This chapter introduces the training model of a neural network based on the Backpropagation algorithm. The goal is to provide a clear and solid understanding of the process without delving deeply into the mathematical formulas, while still explaining the fundamental operations of the involved functions. The chapter also briefly explains why, and in which phases the training job generates traffic to the network, and why lossless packet transport is required. The Backpropagation algorithm is composed of two phases: the Forward pass (computation phase) and the Backward pass (adjustment and communication phase).
In the Forward pass, neurons in the first hidden layer calculate the weighted sum of input parameters received from the input layer, which is then passed to the neuron's activation function. Note that neurons in the input layer are not computational units; they simply pass the input variables to the connected neurons in the first hidden layer. The output from the activation function of a neuron is then used as input for the connected neurons in the next layer, whether it is another hidden layer or the output layer. The result of the activation function in the output layer represents the model's prediction, which is compared to the expected value (ground truth) using the error function. The output of the error function indicates the accuracy of the current training iteration. If the result is sufficiently close to the expected value, the training is complete. Otherwise, it triggers the Backward pass process.

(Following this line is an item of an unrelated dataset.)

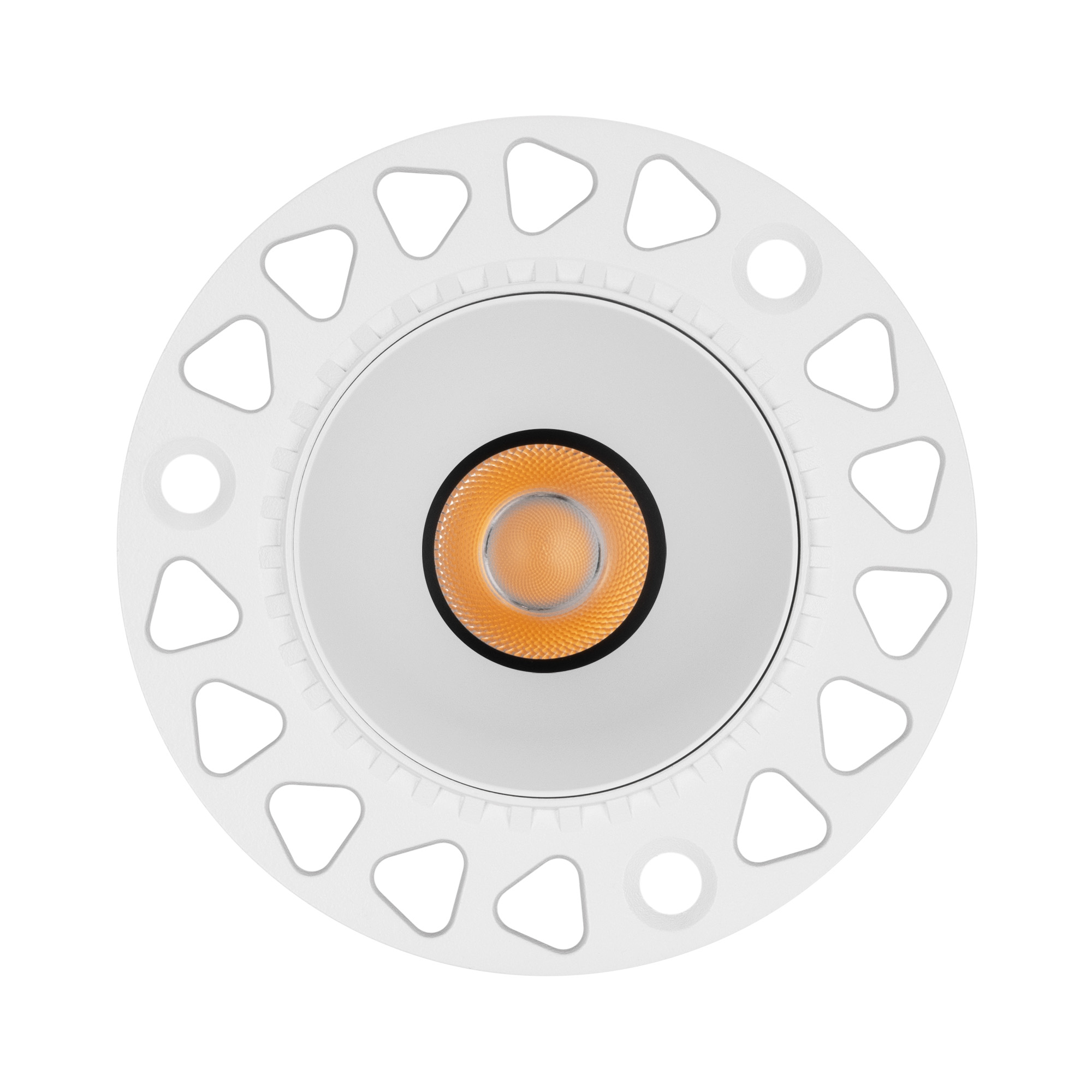 Встраиваемый светильник даунлайт. Мощность 7 Вт, св. поток 405 лм, 55 лм/Вт, теплый 3000 K, CRI>92, угол 24°, напряжение питания 230 В. Белый круглый корпус из алюминия, белый матовый отражатель, степень защиты IP20 . Размер: диаметр 85 мм, высота 72 мм. Монтаж встраиваемый, установочное отверстие: диаметр 55 мм.
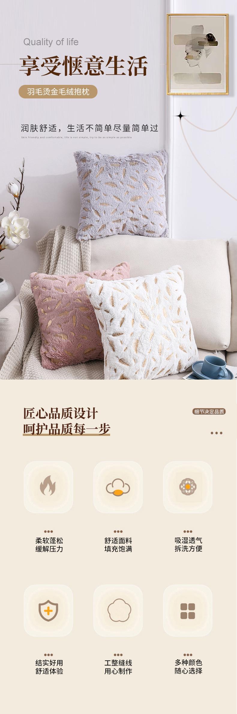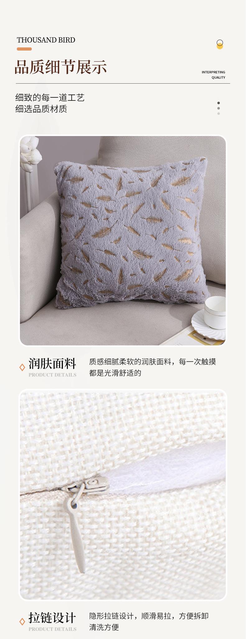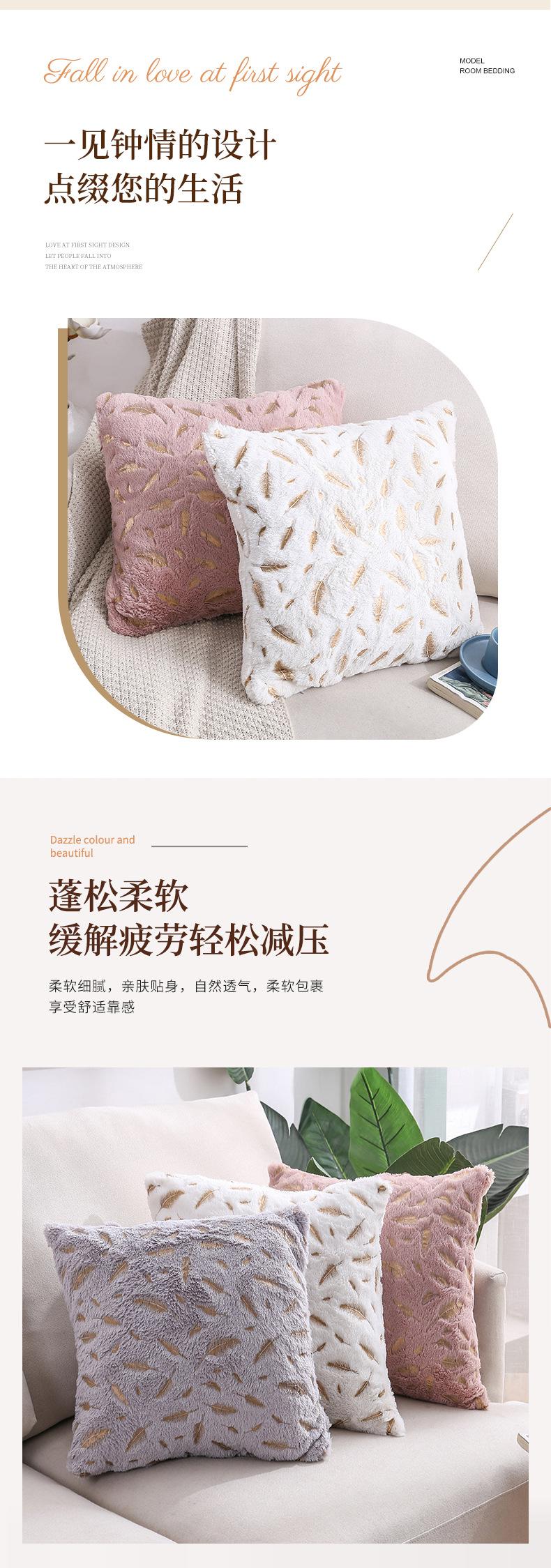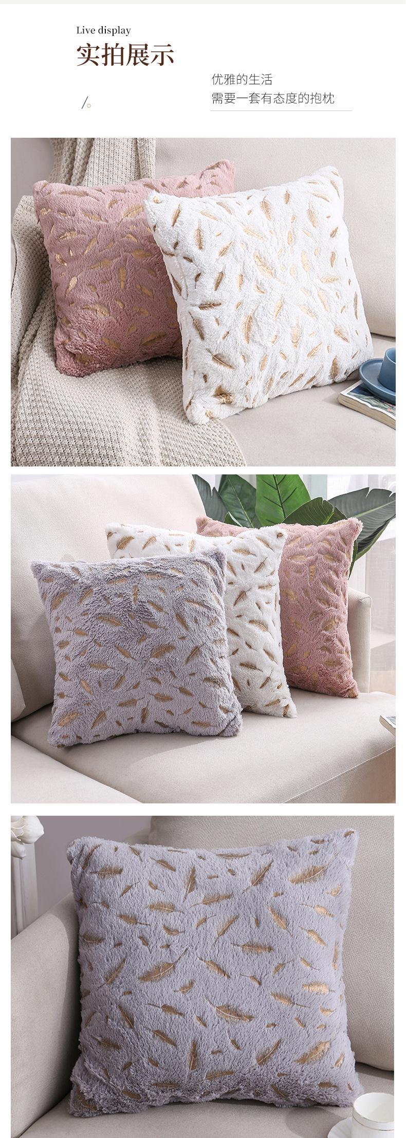 Funda de almohada para sofá Amazon Cross-border Home, corta, de felpa, con plumas color bronce, moderna y sencilla.

In the Backward pass process, the Backpropagation algorithm first calculates the derivative of the error function. This derivative is then used to compute the error term for each neuron in the model. Neurons use their calculated error terms to determine how much and in which direction the current weight values must be fine-tuned. Depending on the model and the parallelization strategy, GPUs in multi-GPU clusters synchronize information during the Backpropagation process. This process affects network utilization.
Our feedforward neural network, shown in Figure 2-1, has one hidden layer and one output layer. If we wanted our example to be a deep neural network, we would need to add additional layers, as the definition of "deep" requires two or more hidden layers. For simplicity, the input layer is not shown in the figure.
We have three input parameters connected to neuron-a in the hidden layer as follows:
• Input X1 = 0.2 > neuron-a via weight Wa1 = 0.1
• Input X2 = 0.1 > neuron-a via weight Wa2 = 0.2
• Input X3 = 0.4 > neuron-a via weight Wa3 = 0.3
• Bias ba0 = 1.0 > neuron-a via weight Wa0 = 0.6
The bias term helps ensure that the neuron is active, meaning its output value is not zero.
The input parameters are treated as constant values, while the weight values are variables that will be adjusted during the Backward pass if the training result does not meet expectations. The initial weight values are our best guess for achieving the desired training outcome. The result of the weighted sum calculation is passed to the activation function, which provides the input for neuron-b in the output layer. We use the ReLU (Rectified Linear Unit) activation function in both layers due to its simplicity. There are other activation functions, such as hyperbolic tangent (tanh), sigmoid, and softmax, but those are outside the scope of this chapter.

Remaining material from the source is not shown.